It might seem like a bold-faced lie, but buying a house without having a large sum of money on hand is actually easier than you think. Let's take a look at this mini guide on how to purchase a piece of property even though you don't have large sums of money available for immediate liquidity. We will also take into consideration at each of the pros and cons, to further help you evaluate which tip might be more suited to your needs.
This alternative is ideal for people who don't have access to whole lot of cash on hand. Thanks to this particular contract it is now possible to fully maximize the rent you pay by allowing you to purchase the property without requiring a massive down payment. Renting a property under this contract for specific period of time and you can soon call your rented house as your new home.
Pros: This formula allows you to capitalize on your rent which in any other situation would be considered a loss.
Cons: The monthly fee is usually 10-15% higher than what the rent is usually worth. In addition, it involves a host of other expenses such as having a notarized legal contract to help ensure that your mortgage is going to the right place.
Similar to the rent-to-own formula, this contract allows the tenant to maximize the rent they pay by putting it into their new home, with the main difference that they have the option to purchase it immediately. The tenant will have to pay a monthly fee to a bank or other financial company which is usually higher than the usual rent price. At the end of the contract, you will then be able to decide whether to leave the home thus leaving all rent paid to the owner or purchase it with rent paid being deducted from the full price.
Pros: This model can be a good alternative to the mortgage for buying the first home because, since it is not really a loan, it does not include mortgages. In addition, unlike a traditional mortgage, it also allows to rate 100% of the cost of the property.
Cons: Since real estate leasing generally does not last for more than 15 years, this can mean a very high monthly fee, even 30% higher than the traditional rent.

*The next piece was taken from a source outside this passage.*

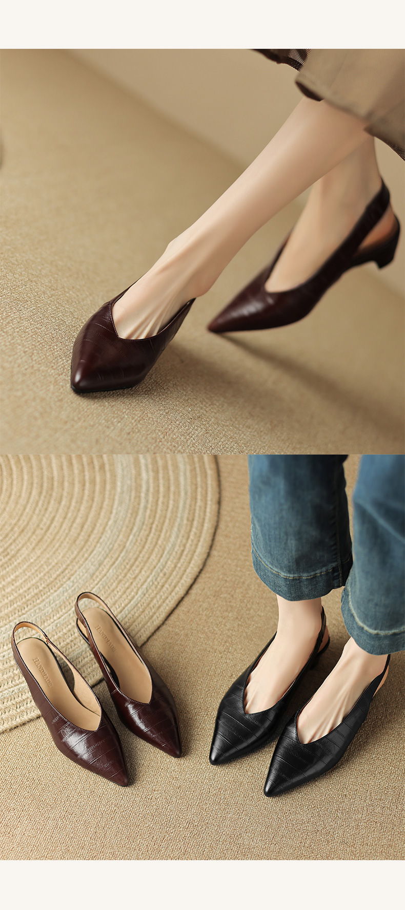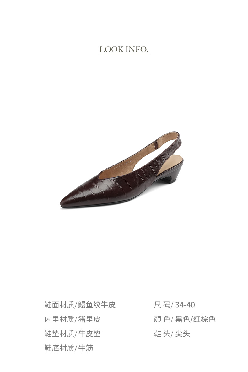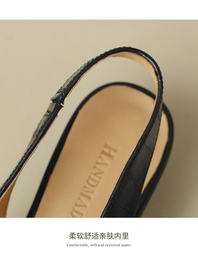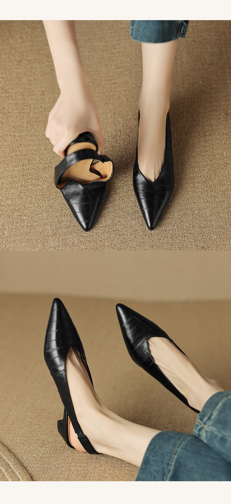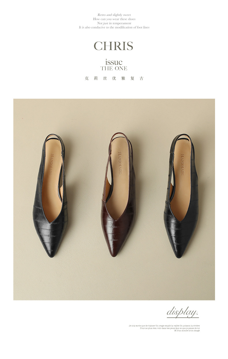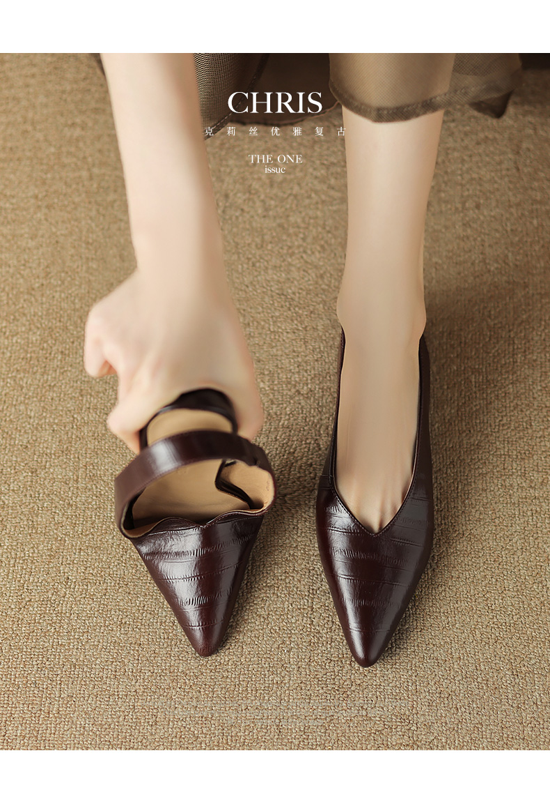 法式优雅,尖头头层牛皮中跟后空凉鞋SSS-S5200

Ideal for senior citizens this home mortgage model requires no income, no credit and no monthly payment. This type of home loan allows people over 60 to access the home equity they have built up in their homes, and defer payment of the loan until they die, sell, or move out. Afterward the borrowers can use the money loaned to purchase new property, which in the proper circumstances will appreciate in value.
Pros : As long as the owner is alive, he will not have to pay any rent unless he wants to redeem the home. Payment for the capital will then be left to the people inheriting the property. In cases where the heirs don’t have the money to redeem the property they can they have the option to leave the house to the bank.

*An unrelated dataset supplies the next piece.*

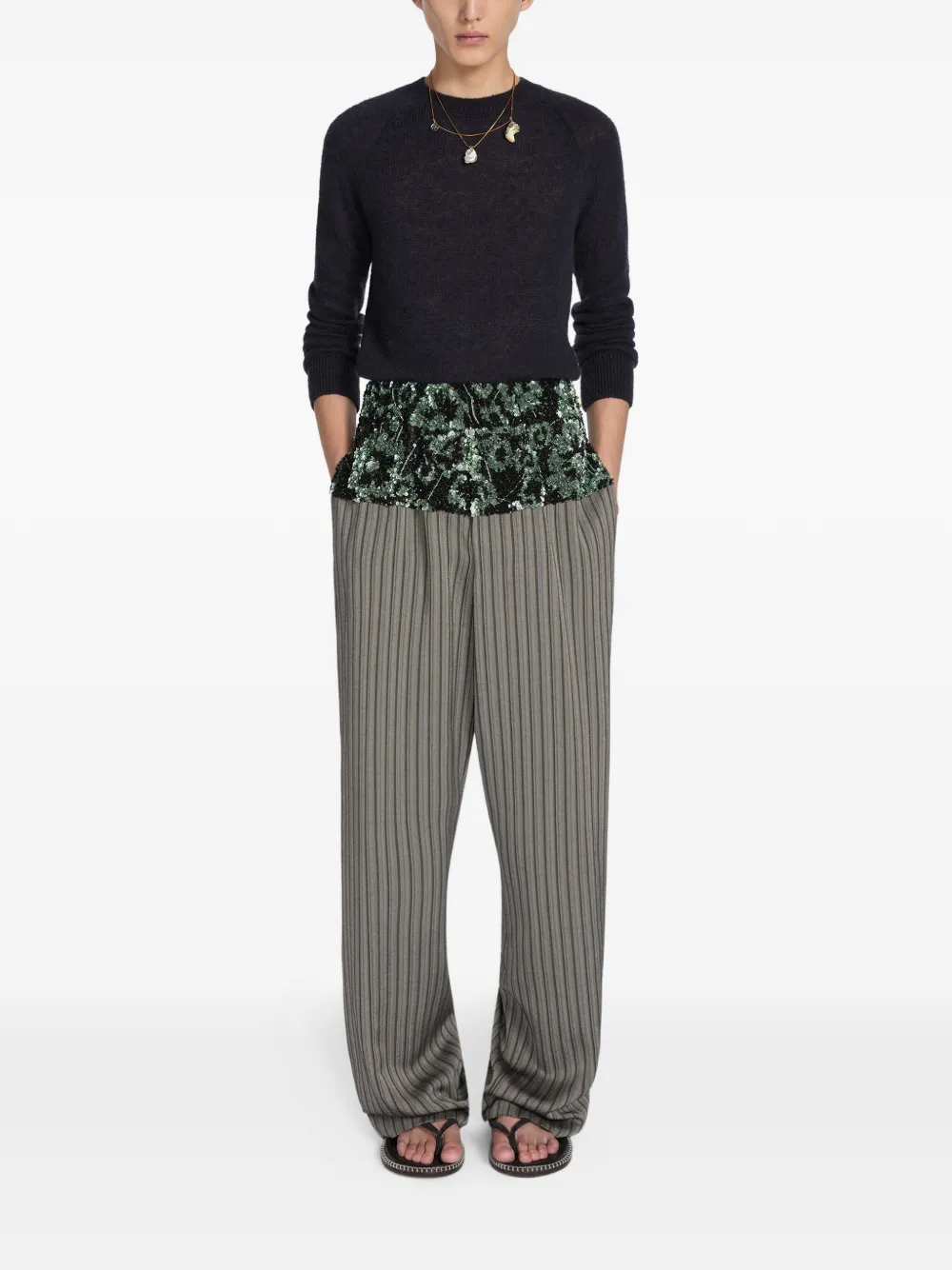 pantalon rayé à sequins

Cons: One thing to keep in mind is that in any case, the capital repaid to the value of the home will also be added to the interest accrued over time.

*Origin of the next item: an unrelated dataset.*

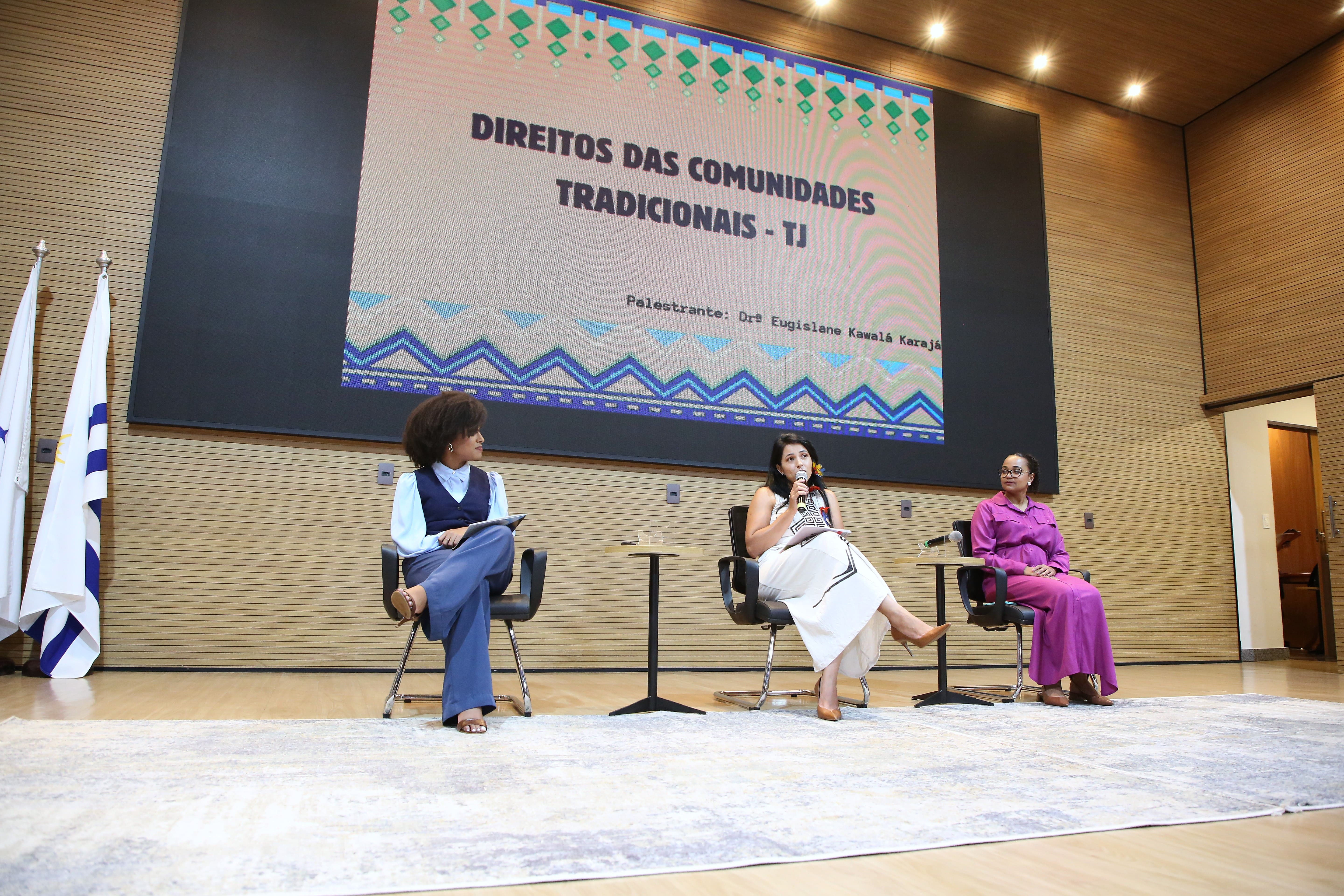 Abrindo a programação da tarde, a palestra “Direitos das Comunidades Tradicionais” trouxe à centralidade do debate a perspectiva indígena sobre território, identidade e direitos fundamentais. A convidada doutora Eugislane Kawala Lima Karajá, servidora da Universidade Federal do Tocantins (UFT) e educadora indígena, compartilhou saberes e experiências a partir do lugar de quem vive e defende, cotidianamente, as múltiplas camadas de pertencimento dos povos originários.

This particular form of real estate transaction is a viable alternative to the traditional mortgage because it allows the buyer to purchase a home, even though he does not actually become the owner of said property until he has paid the last installment. If you are interested in this kind of contract, you can turn to a real estate agency to find out which properties in the market allow these types of transactions.
Pros: Any seller's debts or foreclosures are not transferred to the buyer.
Cons: One should keep in mind that in this type of agreement, the buyer will be responsible for the regular maintenance of the property, even if he is not yet its owner.
Whatever real estate solution you choose, always carefully check the state of the property before signing any contract in order to avoid any unpleasant surprises.